§ **Source records**:
↓↓↓

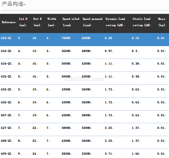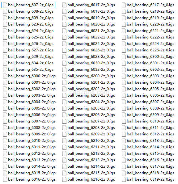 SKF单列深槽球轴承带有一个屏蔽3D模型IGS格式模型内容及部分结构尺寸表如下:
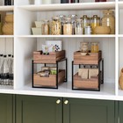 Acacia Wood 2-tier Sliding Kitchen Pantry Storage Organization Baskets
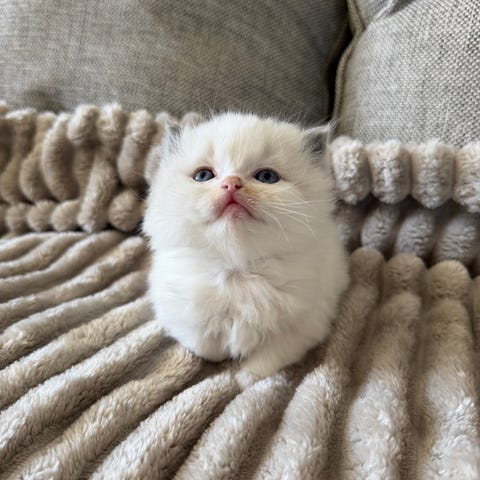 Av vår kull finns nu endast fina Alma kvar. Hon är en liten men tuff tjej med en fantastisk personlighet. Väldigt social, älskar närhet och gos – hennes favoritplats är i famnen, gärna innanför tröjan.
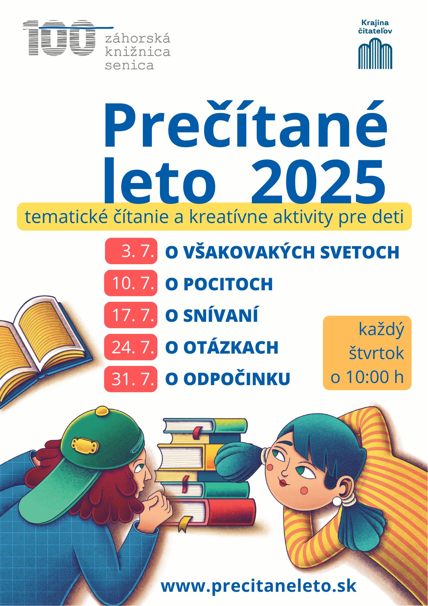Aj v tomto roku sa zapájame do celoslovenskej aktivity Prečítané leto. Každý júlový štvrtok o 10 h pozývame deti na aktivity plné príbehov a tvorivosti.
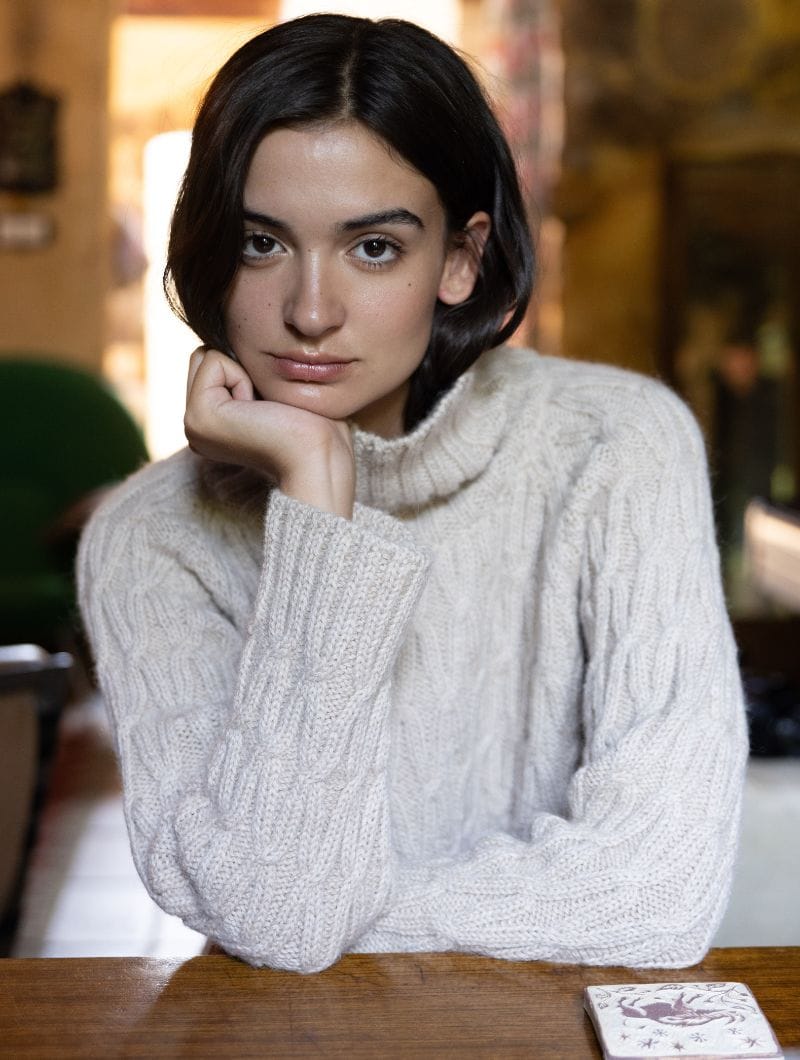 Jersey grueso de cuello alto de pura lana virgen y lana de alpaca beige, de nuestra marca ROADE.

↑↑↑
↓↓↓

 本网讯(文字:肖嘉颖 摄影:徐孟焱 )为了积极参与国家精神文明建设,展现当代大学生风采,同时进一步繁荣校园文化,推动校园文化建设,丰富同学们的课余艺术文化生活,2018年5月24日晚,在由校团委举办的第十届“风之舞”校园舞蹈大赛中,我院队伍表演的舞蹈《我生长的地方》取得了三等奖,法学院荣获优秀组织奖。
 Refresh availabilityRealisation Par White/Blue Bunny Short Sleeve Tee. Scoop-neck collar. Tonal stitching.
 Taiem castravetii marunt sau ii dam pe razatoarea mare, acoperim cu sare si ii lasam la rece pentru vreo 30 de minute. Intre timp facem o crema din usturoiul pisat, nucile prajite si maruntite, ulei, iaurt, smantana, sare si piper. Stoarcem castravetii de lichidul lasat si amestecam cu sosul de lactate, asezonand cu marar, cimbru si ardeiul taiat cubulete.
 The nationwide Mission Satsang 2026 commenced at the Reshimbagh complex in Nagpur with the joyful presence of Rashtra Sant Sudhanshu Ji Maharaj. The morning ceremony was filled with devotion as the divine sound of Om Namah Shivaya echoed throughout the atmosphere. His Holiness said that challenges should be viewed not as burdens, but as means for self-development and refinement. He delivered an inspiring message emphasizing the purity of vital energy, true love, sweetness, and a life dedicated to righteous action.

↑↑↑

Return word for word the lines of the listing above, starting at the line with "SKF单列深槽球轴承带有一个" and ending at the line with "Jersey grueso de", both included. Pictures do not belong in the copy.

§ **Response to this exercise**:
 SKF单列深槽球轴承带有一个屏蔽3D模型IGS格式模型内容及部分结构尺寸表如下:
 Acacia Wood 2-tier Sliding Kitchen Pantry Storage Organization Baskets
 Av vår kull finns nu endast fina Alma kvar. Hon är en liten men tuff tjej med en fantastisk personlighet. Väldigt social, älskar närhet och gos – hennes favoritplats är i famnen, gärna innanför tröjan.
Aj v tomto roku sa zapájame do celoslovenskej aktivity Prečítané leto. Každý júlový štvrtok o 10 h pozývame deti na aktivity plné príbehov a tvorivosti.
 Jersey grueso de cuello alto de pura lana virgen y lana de alpaca beige, de nuestra marca ROADE.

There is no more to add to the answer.